Codeforces 375 D Tree and Queries

Discription

You have a rooted tree consisting of n vertices. Each vertex of the tree has some color. We will assume that the tree vertices are numbered by integers from 1 to n. Then we represent the color of vertex v as c_v. The tree root is a vertex with number 1.

In this problem you need to answer to m queries. Each query is described by two integers v_j, k_j. The answer to query v_j, k_j is the number of such colors of vertices x, that the subtree of vertex v_j contains at least k_j vertices of color x.
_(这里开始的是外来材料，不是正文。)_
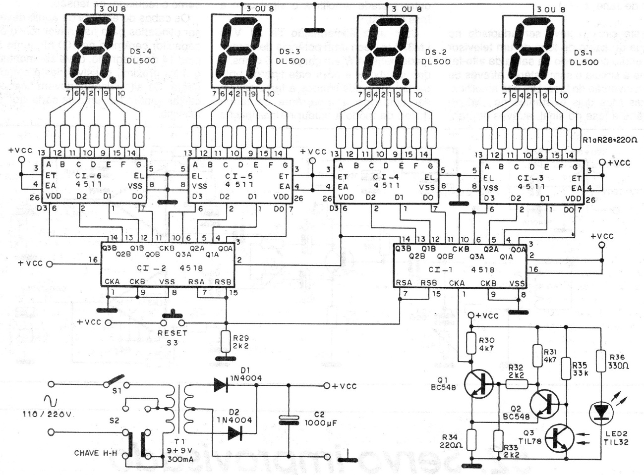 This four-digit circuit was found in a 1990 documentation. The sensor can be a contact or reed type coupled, for example, to a crank to count a coil. It can also be used as in the original an optical sensor to count the passage of an object or the teeth of a gear.
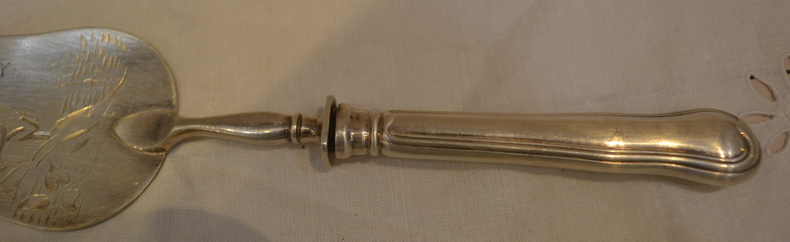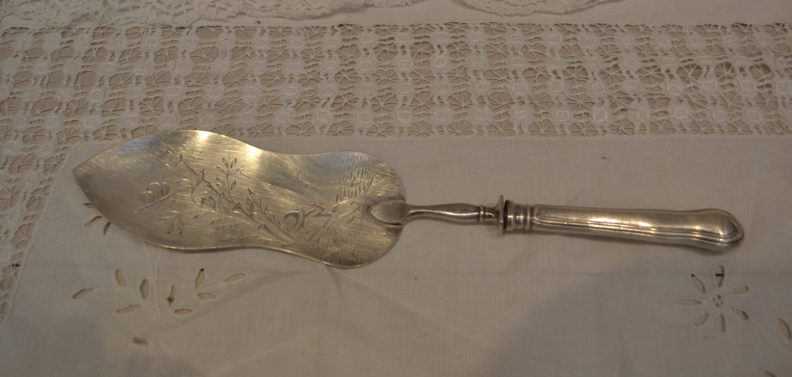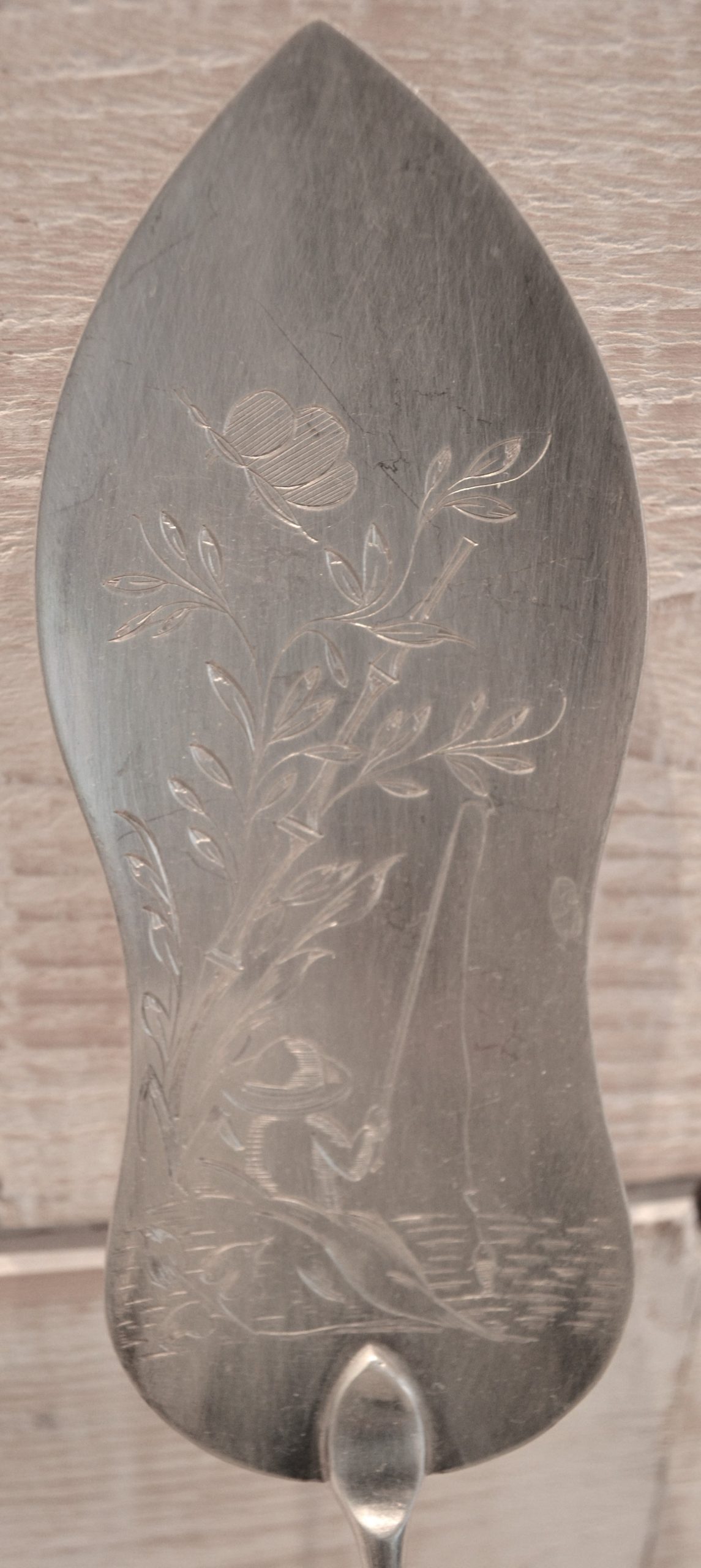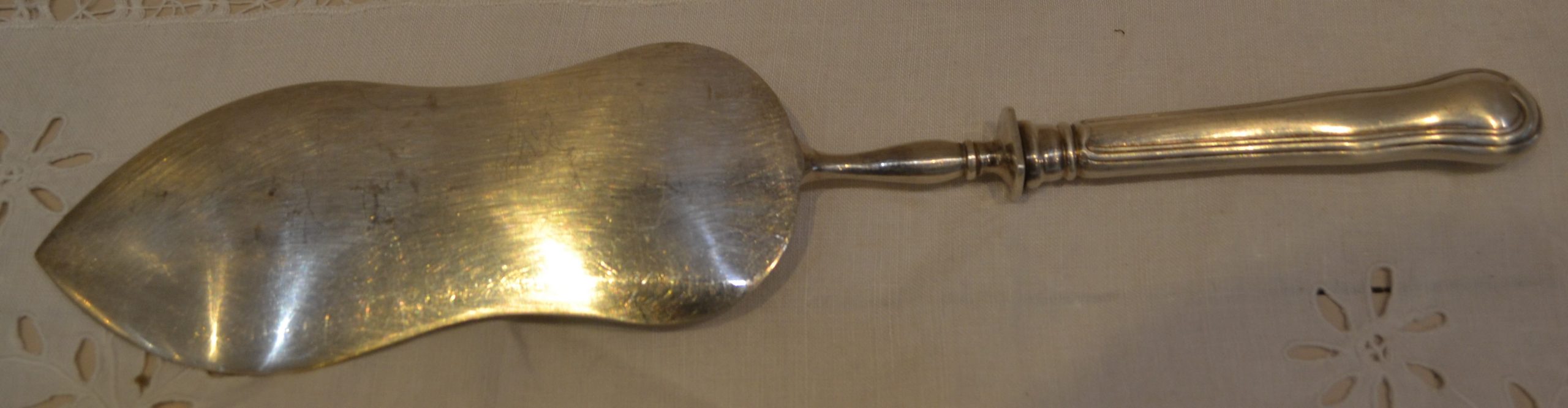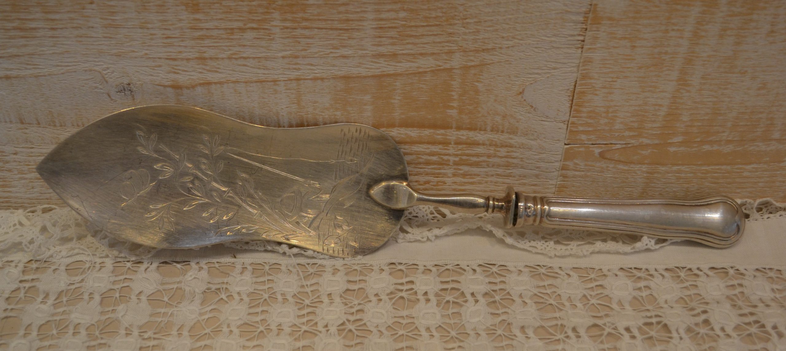 Magnifique pelle à poisson travaillée d’une jolie gravure, peut aussi servir de pelle à gâteaux pourquoi pas ?

You can find the definition of a rooted tree by the following link: http://en.wikipedia.org/wiki/Tree_(graph_theory).

Input

The first line contains two integers n and m (2 ≤ n ≤ 10⁵; 1 ≤ m ≤ 10⁵). The next line contains a sequence of integers c₁, c₂, ..., c_n (1 ≤ c_i ≤ 10⁵). The next n - 1 lines contain the edges of the tree. The i-th line contains the numbers a_i, b_i (1 ≤ a_i, b_i ≤ n; a_i ≠ b_i) — the vertices connected by an edge of the tree.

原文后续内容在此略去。